The chapter doesn’t need to do more than name this here. Part V is where the custom-elements story gets unpacked. The point for now is that extending HTML is part of the platform’s design. The dichotomy use native HTML or build everything custom in JavaScript is a false one. The third option — extend HTML with new elements that participate in the platform’s contracts — is the option the rest of this book builds on.

What HTML Teaches Modern Frontend

HTML teaches restraint.

Before creating a component, ask what native element it’s wrapping. Before creating a control, ask what behavior the browser already provides. Before adding ARIA, ask whether the correct native element would already express the semantics. Before managing state in JavaScript, ask whether the element already has state (<details open>, <input checked>, <dialog open>, <form> validity). Before building a custom transaction flow, ask whether a form already describes it.

This doesn’t make HTML sufficient for every application. Most non-trivial applications need JavaScript, frameworks, components, and abstractions on top of HTML. The book argues for those abstractions throughout the rest of Part II and into Parts III–VI. The argument is that the abstractions should build on HTML’s semantics, not replace them.

Modern frontend shouldn’t treat semantic HTML as beginner material. It’s one of the most leveraged tools the field has, because it transfers responsibility back to the platform. A <button> that’s actually a <button> carries decades of accumulated browser-side engineering for free. A <form> that’s actually a <form> participates in browser navigation, browser autofill, browser history, password manager integration, screen reader recognition, and a list of platform behaviors that no application’s custom code can match.

The platform did the work. The architecture’s job is to honor that work by using it.

What Comes Next

This chapter introduced HTML as an application language. The next chapter takes the same view of the DOM — the tree structure that HTML produces in memory — and argues that the DOM is a context tree, not just a render target. The chapters after that take attributes as a protocol surface, events as semantic communication, forms as transactions, CSS as a runtime, and accessibility as the platform’s foundational contract.

Each of these chapters makes a similar architectural move. This thing you’ve been treating as an implementation detail is actually load-bearing. Treat it that way.

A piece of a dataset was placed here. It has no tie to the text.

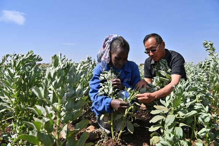 2023年9月27日,在位于厄立特里亞阿斯馬拉的農(nóng)業(yè)技術(shù)援助項(xiàng)目示范地,中國(guó)援厄第三期高級(jí)農(nóng)業(yè)專(zhuān)家組豆類(lèi)作物專(zhuān)家劉運(yùn)民(右)指導(dǎo)當(dāng)?shù)剞r(nóng)戶(hù)進(jìn)行蠶豆作物的田間管理。新華社記者 韓旭 攝

Exercise: Refactor Div UI Into HTML

Start with a div-heavy interface:

<div class="page">
  <div class="title">Profile</div>
  <div class="field">
    <div class="label">Display name</div>
    <div class="input" contenteditable></div>
  </div>
  <div class="button">Save</div>
</div>

Refactor it using semantic HTML:

<main>
  <h1>Profile</h1>
  <form>
    <label for="display-name">Display name</label>
    <input id="display-name" name="displayName" required>
    <button type="submit">Save</button>
  </form>
</main>

Then compare:

Keyboard behavior. Can you Tab through the form? Does Enter submit it?
Accessible names. Open browser dev tools, find the accessibility panel, and look at the accessibility tree for both versions. What do screen readers see?
Focus order. Where does focus start? Where does it go on Tab? Where on Shift+Tab?
Form submission. Try submitting the form. Does the browser handle it automatically? What’s the request that goes to the server?
Required validation. Try submitting with an empty field. Does the browser block submission and explain why?
Amount of JavaScript needed. The div version needs scripts to do everything. The semantic version needs none until you want behavior the form-default-submit doesn’t cover. Count the lines.
CSS hooks. Are the styling targets you need still available in the semantic version? (They are.)

The goal is to experience how much application behavior appears when HTML is allowed to do its job. The semantic version, with zero JavaScript, is closer to a working profile form than the div version with hundreds of lines of script. The platform was doing the work the whole time.